Abstract:
The algorithm of panoramic saliency prediction has the ability to estimate human visual attention distribution, eliminate redundant information in panoramic images, and is significant in areas such as image compression, transmission, and quality assessment. To address the inherent geometric distortion in panoramic images, a spherical perception-based saliency prediction network called SPLWU-Net is proposed, which combines longitude saliency weighting. Firstly, a Spherical Encoder Based on Spatial Attention (SASE) is designed to model the spherical information and mitigate the impact of distortion during feature extraction.
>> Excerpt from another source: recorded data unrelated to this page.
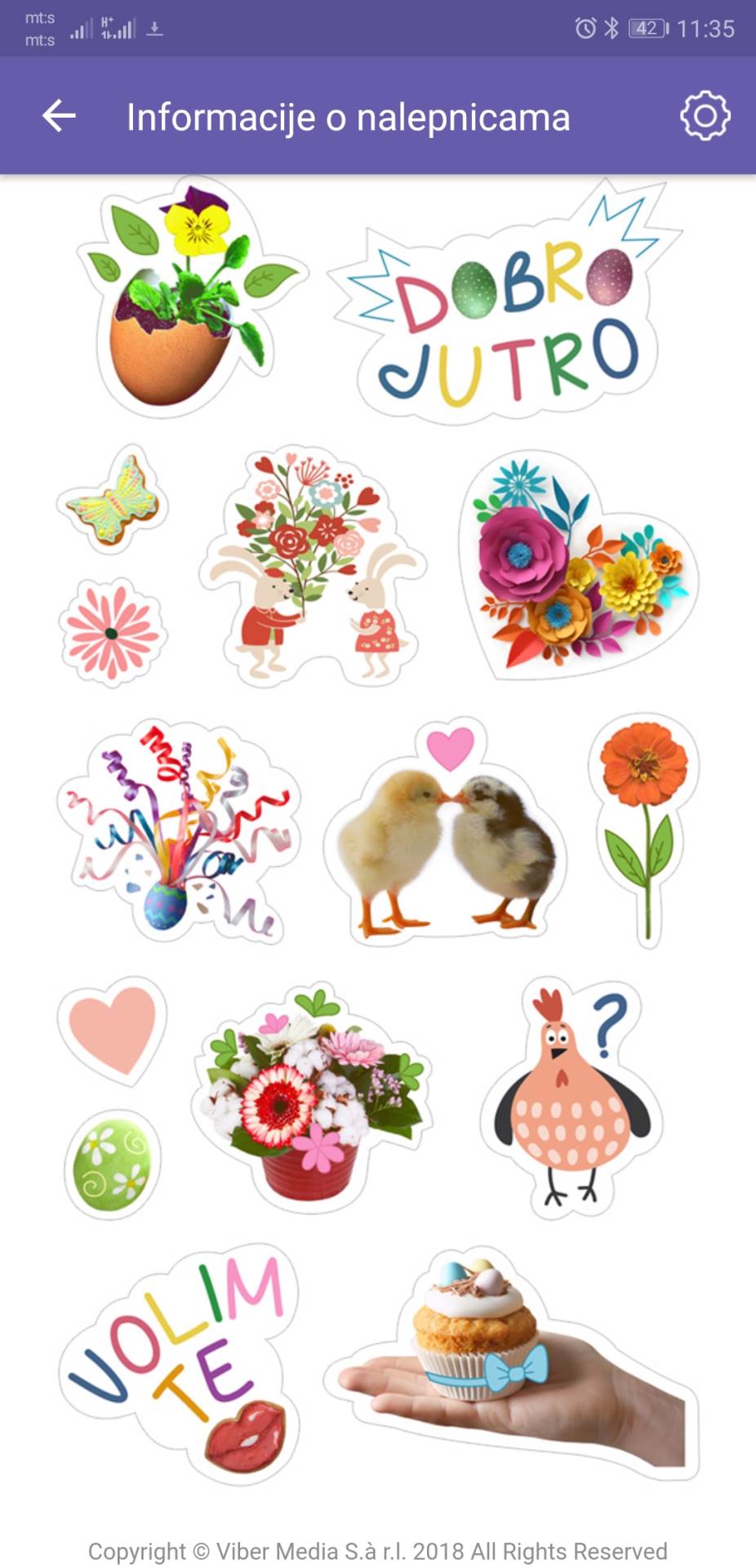 Viber već ima izuzetnu kolekciju besplatnih sličica, koju nam je predstavio 2017. godine u ovo vreme, a sad su nam na raspolaganju nove sličice, koje možete opet besplatno da preuzmete. Sličice su na srpskom jeziku i čekaju vas u okviru promo Viber poruke. Ako vam poruka nije stigla u Sticker Market odeljku ukucajte USKRS 2018 i pronađite slike, pa ih preuzmite besplatno.
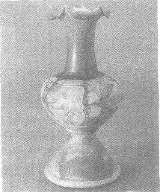 金。通高30厘米,口径15.5厘米。北京首都博物馆藏。此瓶口沿似盛开的花朵形,长颈,喇叭形足,造型轻盈俏丽。颈部以上以绿彩装饰。腹部刻大朵花叶纹,并施黄、白、绿三彩,足部以大量绿彩和黄彩装饰,是一件典型的北方瓷窑作品。
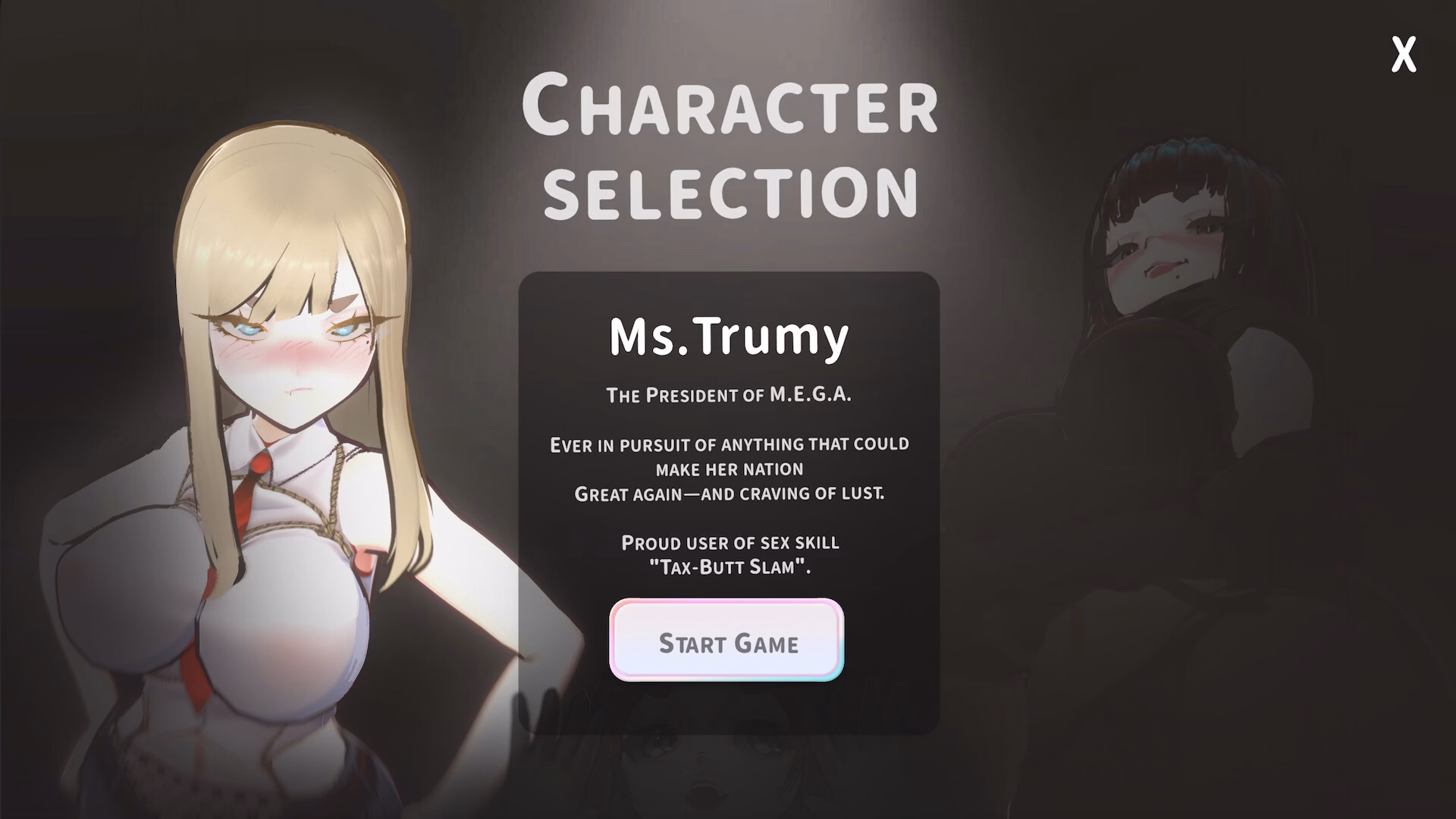 Will you help Lord Trumy bend the world to her will and make the “M.E.G.A” Great Again? The fate of the free world hangs in the balance, and only you can decide who will come out on top! Get ready to laugh, gasp, and blush your way through this one-of-a-kind gaming experience that promises to be the talk of the town. Are you ready to take on the challenge and become the Ultra Fuckin’ Fuckable Champion? Let the games begin!
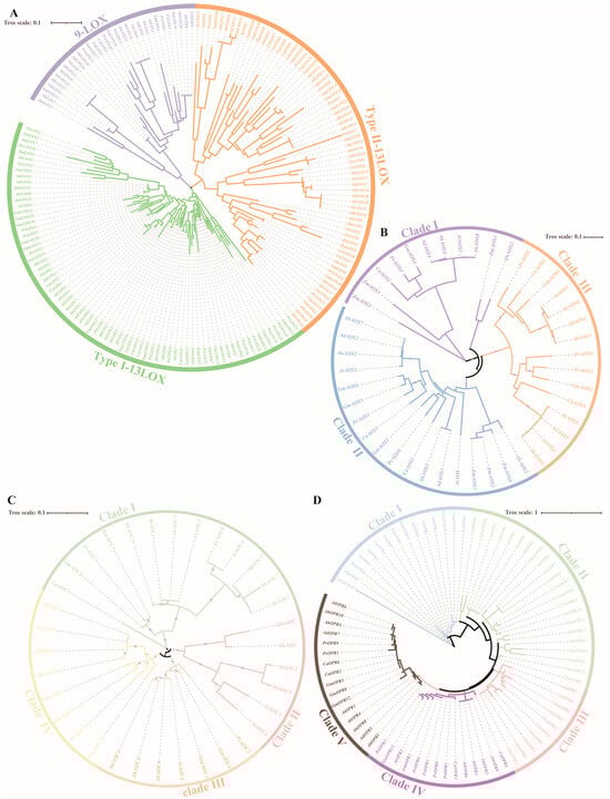 To understand the phylogenetic relationship and to classify the key enzyme genes of JA biosynthesis in peanut, maximum-likelihood trees were constructed based on the full-length amino acid sequences of LOXs, AOSs, AOCs, and OPRs from Arachis duranensis, Arachis ipaensis, Arachis hypogaea, Arabidopsis thaliana, Oryza sativa, Zea mays, Glycine max, Cicer arietinum, and Phaseolus vulgaris (https://phytozome-next.jgi.doe.gov/; accessed on 16 April 2024) [67]. All of the above proteins have been identified to contain the characteristic structural domains of the family by the HMMER web server (https://www.ebi.ac.uk/Tools/hmmer/; accessed on 28 April 2024) [38]. Phylogenetic trees were constructed by MEGA11 software [68].
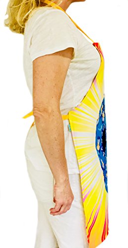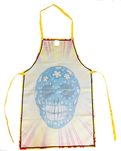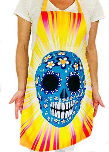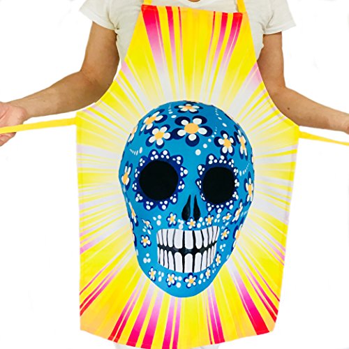 Yellow Kitchen Apron for Women with Blue Sugar Skull
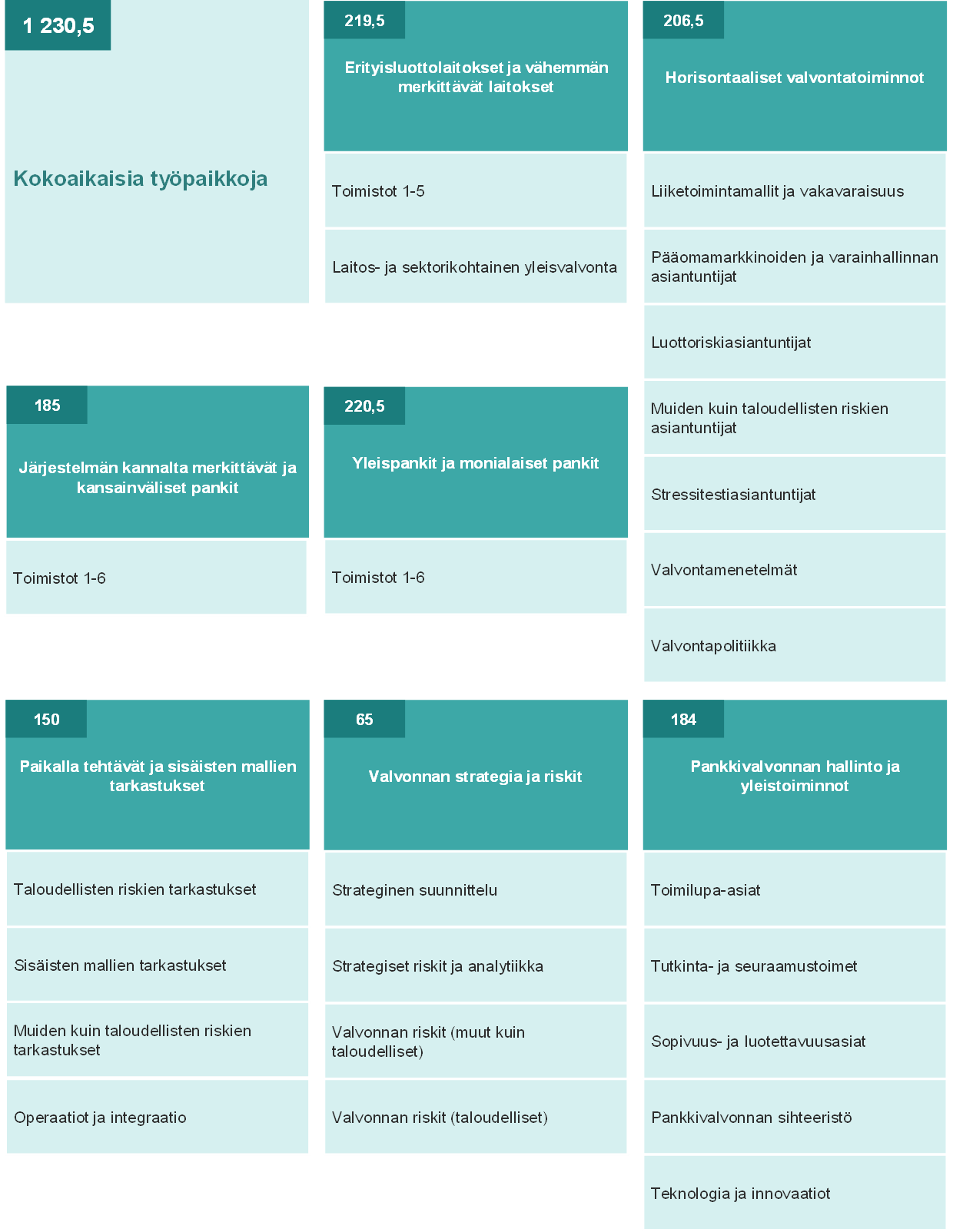 - Yksi keskeinen periaate oli, että jos toimistossa on enemmän kuin 15 työntekijää (budjetoidut kokoaikaiset työpaikat), on syytä harkita osaston perustamista. Laitoskohtaisen suoran valvonnan toimialoilla osasto voidaan perustaa, jos työntekijöitä on vähintään kuusi. Muilla pankkivalvonnan toimialoilla osasto voidaan perustaa, jos työntekijöitä on 8-10. Näin osastojen ja toimistojen johtamista voidaan yhtenäistää.

Next, a Self-Attention Feature Selection Module (SAFS) is introduced to address the feature loss caused by multiple pooling operations in the encoder-decoder architecture, suppressing background information and highlighting key features, facilitating effective interaction between the encoder and decoder. Finally, the SPLWU-Net model is enhanced with a post-processing method called Longitude Saliency Weighting (LSW) to further improve the prediction accuracy. Experimental results demonstrate the superior performance of the proposed method compared to mainstream algorithms. On the Salient360!2017 dataset, the CC and AUC
j metrics are improved by 0.9% and 1.4% respectively, while on the Saliency-in-VR dataset, the CC, KLD, NSS, and AUC
j metrics are improved by 5.6%, 8.6%, 10.1%, and 1.2% respectively. The panoramic saliency prediction algorithm presented in this paper exhibits excellent predictive performance, is applicable to various scenarios, and holds practical value.